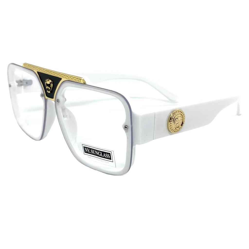 Men Classy Elegant Retro Hip Hop Style Clear Lens EYE GLASSES White Gold Frame
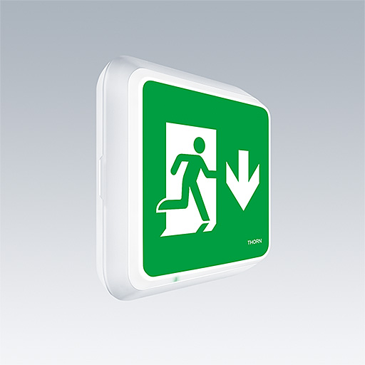 Štíhlé, čtvercový, přisazená, LED svítidlo s bezpečnostní značkou. Svítidlo pro centrální dodávku nouzového osvětlení, s monitorováním obvodu, bez monitorování svítidla. Rozhraní NFC pro údržbu prostřednictvím pera PROset Pen (výrobek: 22170290) nebo aplikace PROset Napájení: 220-240 VAC (± 10%), 50/60 Hz; 176-280 VDC. Těleso: vstřikovaný odlitek polykarbonát, bílá (RAL 9016). Difuzor: opálový polykarbonát, s nalepeným a natištěným piktogramem nouzového východu směrová šipka (dolů) podle ISO 7010. Jednotné podsvícení piktogramu, svítivost > 500 cd/m² v bílé oblasti a 200 cd / m² v průměru v režimu napájení ze sítě (podle DIN 4844), minimálně 2 cd/m² v nouzovém režimu (podle EN 1838). Rozeznávací vzdálenost podle EN 1838: 44m. Elektrická Třída ochrany II, krytí IP65, Odolnost proti nárazu: IK10. Okolní teplota: -30°C do +35°C. Vhodné pro přímou montáž na zeď. Je možné zapojení okruhu dovnitř a ven pro kabely o průřezu až 2,5 mm². Kompatibilní se systémem BESA. certifikát pro potravinářství (pro používání v oblastech s plně zabalenými potravinami). Svítidlo je zapojeno pomocí vedení neobsahujících halogeny a silikon. Svítidlo se symbolem D (pro používání v prostředích, ve kterých lze očekávat hromadění vodivého prachu na svítidle).
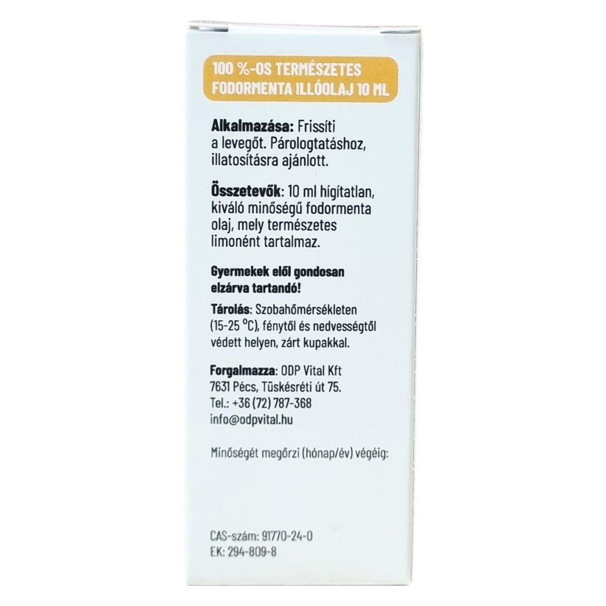 10 ml hígítatlan, kiváló minőségű fodormenta olaj, természetes limonén.
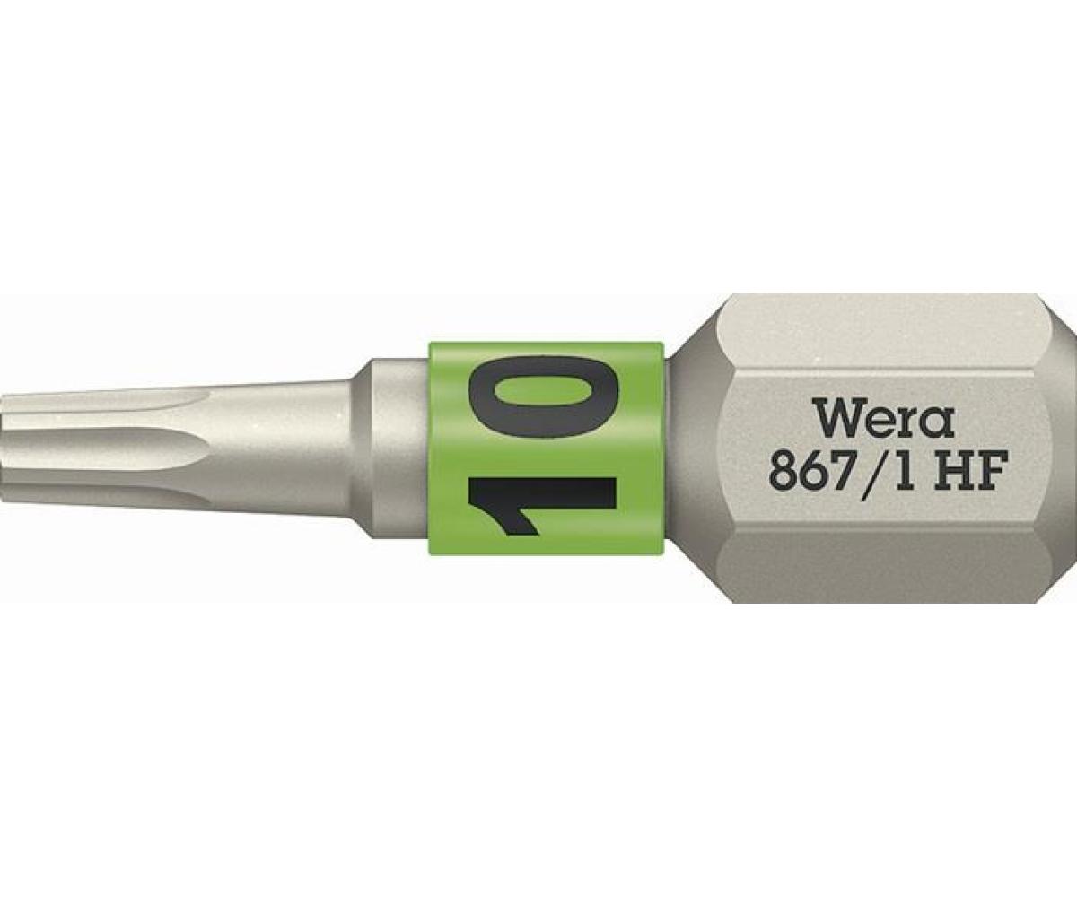 Weitere technische Eigenschaften · Klingenlänge (in Zoll): 1"Zoll · Take it easy Bits: ja · Bit 867 TORX® HF 1/4 Zoll · TX 10 L.25mm · m.Farbleitsystem WERA ·
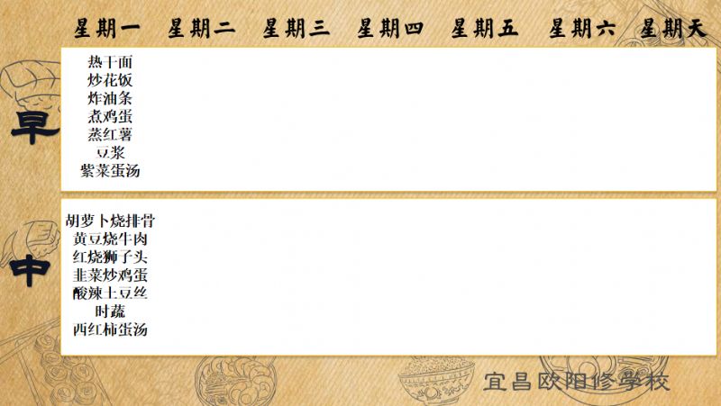宜昌歐陽修學校每周食譜(9月29日-10月6日)
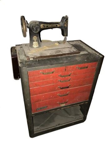 "Powr Kraft" metal industrial drawers set and "The Bruce" vintage sewing machine prop (approx. 3'9" tall)
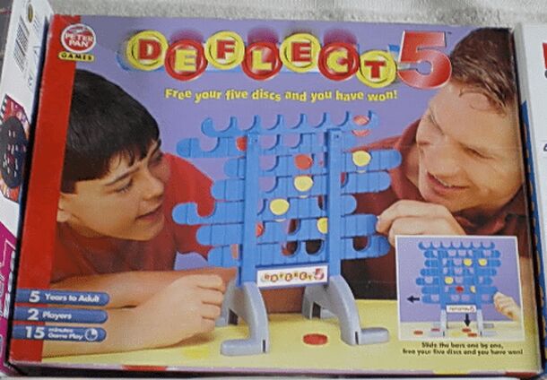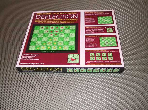 Deflection - an abstract game in which players drop colored counters into a rack made of sliding strips. The counters drop through slits in the rack and the players take turns to move the strips back and forth, trying to get their tokens to fall into the highest scoring sections of the bottom tray, while at the same time blocking their opponent or forcing...
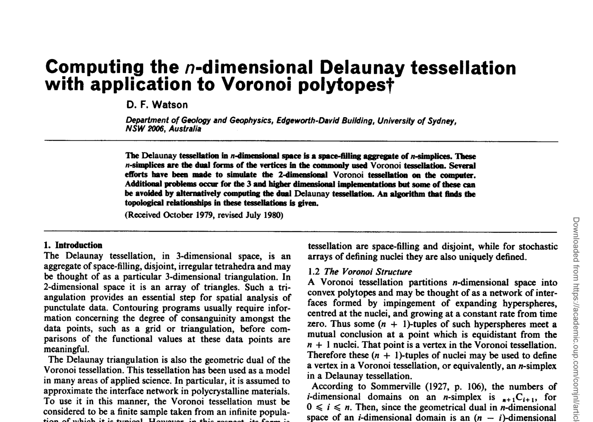 - D. F. Watson: Computing the n-Dimensional Delaunay Tesselation with Application to Voronoi Polytopes. page 167-172
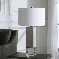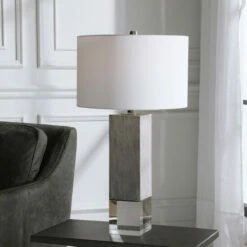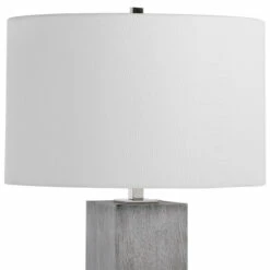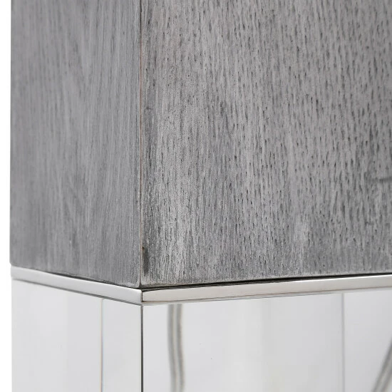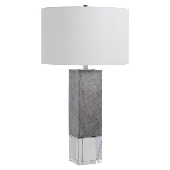 Inspired by modern lodge style, this table lamp features a light grey oak look, accented by polished nickel plated details and a crystal foot that elevate the sophisticated design. The lamp is paired with a white hardback drum shade.
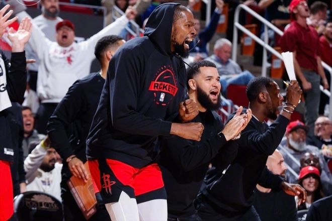 所以易边再战,我们看到了火箭队开始在防守端发力,一波8-0的进攻高潮直接完成反超,再次掌握场上主动权。然后两队一直鏖战到关键时刻,比分交替领先。不过最后时刻的剧情,出乎所有人的意料。最后1分半钟的时间,快船队落后5分,哈登抢时间强行出手三分,结果三不沾。好在后面快船队再次得到机会,将比分缩小到3分,一个进攻回合!然后哈登将功补过,接到巴图姆传球三分抬手就有,两队打平!这个时候,杜兰特仍然没有站出来,因为似乎不需要他。谢泼德虽然三分不中,但申京和阿门在内线疯狂冲击篮板,后者高高跃起补篮打进,还有罚球!
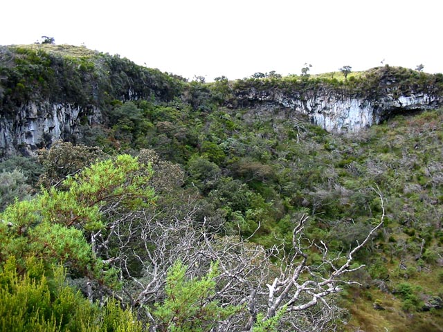 On trouve sur l'île de très nombreux cratères mais tellement anciens qu'ils ressemblent à de vertes collines. Des cratères comme celui-ci peuvent s'escalader lors des randonnées aux Puys Ramond.
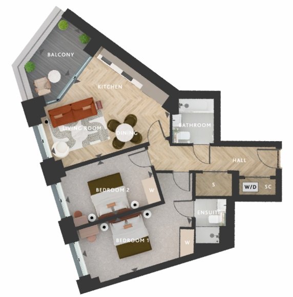 All apartments feature private balconies, open-plan living areas, floor-to-ceiling windows, high-quality kitchens, underfloor heating and high-speed fibre broadband infrastructure.
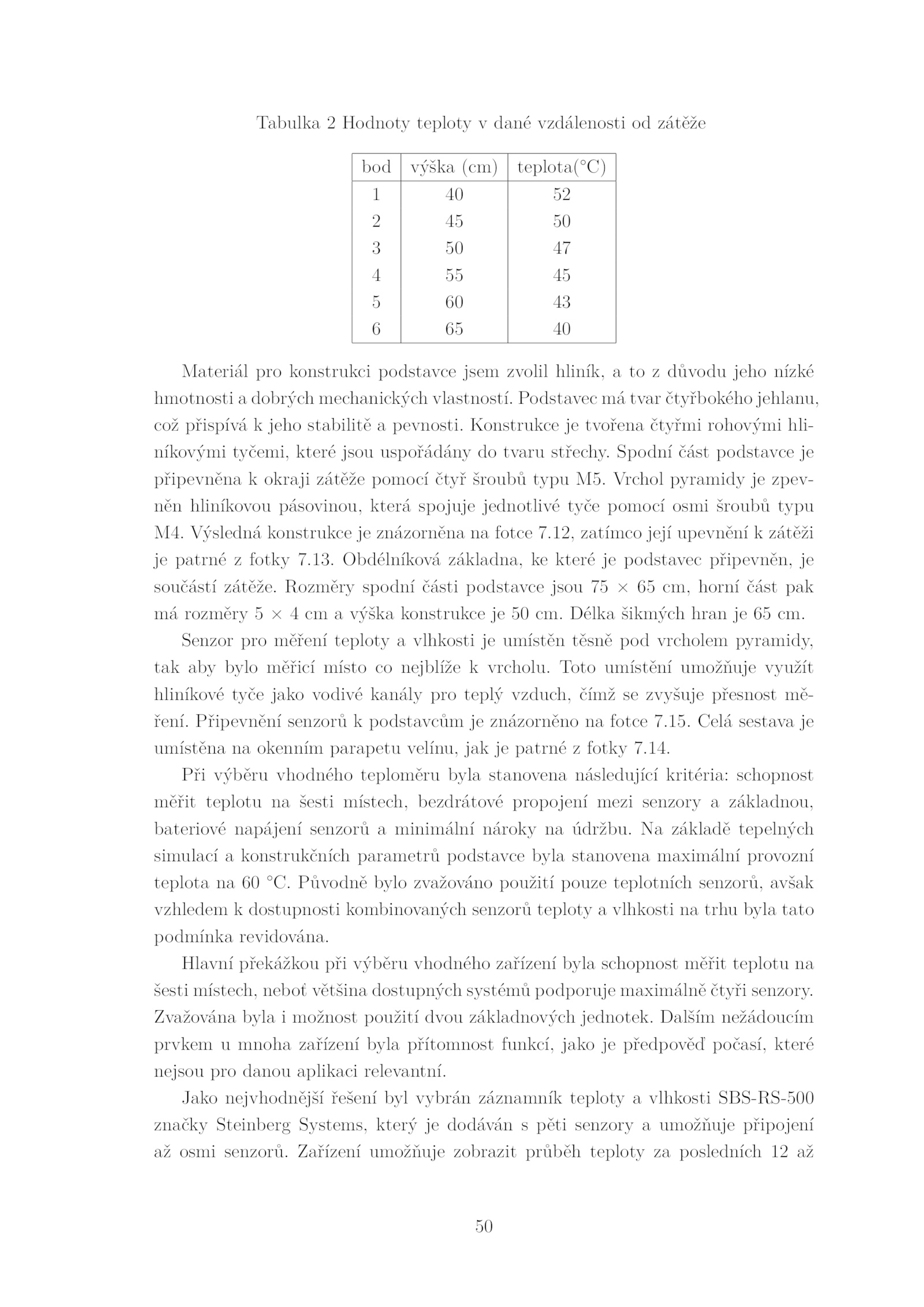 níkovými tyčemi, které jsou uspořádány tvaru střechy.15. Délka šikmých hran cm.14.Tabulka Hodnoty teploty dané vzdálenosti zátěže
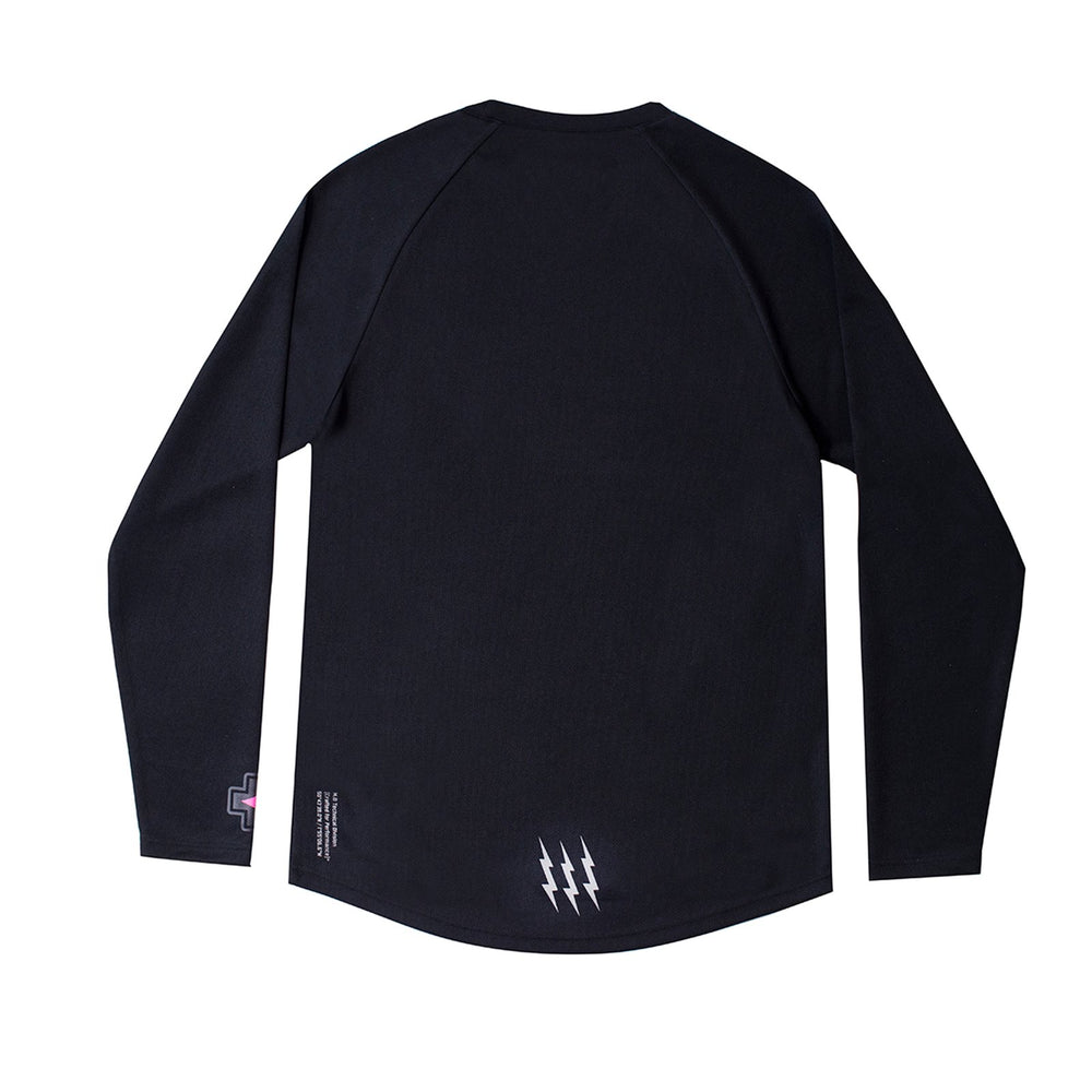 Every rider knows that looking dope makes you shred harder and faster! This black long sleeve jersey is constructed from proprietary, breathable mesh fabric with moisture-wicking abilities to keep you cool, dry, and comfortable. Our fabric was engineered to have just the right amount of stretch to keep things loose, but also in place. It features an ergonomic dropped tail too, ensuring the perfect on-bike fit.

GOAL OF THE EXERCISE
Reproduce each entry precisely, dropping only the pictures.

EXERCISE RESPONSE
 Men Classy Elegant Retro Hip Hop Style Clear Lens EYE GLASSES White Gold Frame
 Štíhlé, čtvercový, přisazená, LED svítidlo s bezpečnostní značkou. Svítidlo pro centrální dodávku nouzového osvětlení, s monitorováním obvodu, bez monitorování svítidla. Rozhraní NFC pro údržbu prostřednictvím pera PROset Pen (výrobek: 22170290) nebo aplikace PROset Napájení: 220-240 VAC (± 10%), 50/60 Hz; 176-280 VDC. Těleso: vstřikovaný odlitek polykarbonát, bílá (RAL 9016). Difuzor: opálový polykarbonát, s nalepeným a natištěným piktogramem nouzového východu směrová šipka (dolů) podle ISO 7010. Jednotné podsvícení piktogramu, svítivost > 500 cd/m² v bílé oblasti a 200 cd / m² v průměru v režimu napájení ze sítě (podle DIN 4844), minimálně 2 cd/m² v nouzovém režimu (podle EN 1838). Rozeznávací vzdálenost podle EN 1838: 44m. Elektrická Třída ochrany II, krytí IP65, Odolnost proti nárazu: IK10. Okolní teplota: -30°C do +35°C. Vhodné pro přímou montáž na zeď. Je možné zapojení okruhu dovnitř a ven pro kabely o průřezu až 2,5 mm². Kompatibilní se systémem BESA. certifikát pro potravinářství (pro používání v oblastech s plně zabalenými potravinami). Svítidlo je zapojeno pomocí vedení neobsahujících halogeny a silikon. Svítidlo se symbolem D (pro používání v prostředích, ve kterých lze očekávat hromadění vodivého prachu na svítidle).
 10 ml hígítatlan, kiváló minőségű fodormenta olaj, természetes limonén.
 Weitere technische Eigenschaften · Klingenlänge (in Zoll): 1"Zoll · Take it easy Bits: ja · Bit 867 TORX® HF 1/4 Zoll · TX 10 L.25mm · m.Farbleitsystem WERA ·
宜昌歐陽修學校每周食譜(9月29日-10月6日)
 "Powr Kraft" metal industrial drawers set and "The Bruce" vintage sewing machine prop (approx. 3'9" tall)
 Deflection - an abstract game in which players drop colored counters into a rack made of sliding strips. The counters drop through slits in the rack and the players take turns to move the strips back and forth, trying to get their tokens to fall into the highest scoring sections of the bottom tray, while at the same time blocking their opponent or forcing...
 - D. F. Watson: Computing the n-Dimensional Delaunay Tesselation with Application to Voronoi Polytopes. page 167-172
 Inspired by modern lodge style, this table lamp features a light grey oak look, accented by polished nickel plated details and a crystal foot that elevate the sophisticated design. The lamp is paired with a white hardback drum shade.
 所以易边再战,我们看到了火箭队开始在防守端发力,一波8-0的进攻高潮直接完成反超,再次掌握场上主动权。然后两队一直鏖战到关键时刻,比分交替领先。不过最后时刻的剧情,出乎所有人的意料。最后1分半钟的时间,快船队落后5分,哈登抢时间强行出手三分,结果三不沾。好在后面快船队再次得到机会,将比分缩小到3分,一个进攻回合!然后哈登将功补过,接到巴图姆传球三分抬手就有,两队打平!这个时候,杜兰特仍然没有站出来,因为似乎不需要他。谢泼德虽然三分不中,但申京和阿门在内线疯狂冲击篮板,后者高高跃起补篮打进,还有罚球!
 On trouve sur l'île de très nombreux cratères mais tellement anciens qu'ils ressemblent à de vertes collines. Des cratères comme celui-ci peuvent s'escalader lors des randonnées aux Puys Ramond.
 All apartments feature private balconies, open-plan living areas, floor-to-ceiling windows, high-quality kitchens, underfloor heating and high-speed fibre broadband infrastructure.
 níkovými tyčemi, které jsou uspořádány tvaru střechy.15. Délka šikmých hran cm.14.Tabulka Hodnoty teploty dané vzdálenosti zátěže
 Every rider knows that looking dope makes you shred harder and faster! This black long sleeve jersey is constructed from proprietary, breathable mesh fabric with moisture-wicking abilities to keep you cool, dry, and comfortable. Our fabric was engineered to have just the right amount of stretch to keep things loose, but also in place. It features an ergonomic dropped tail too, ensuring the perfect on-bike fit.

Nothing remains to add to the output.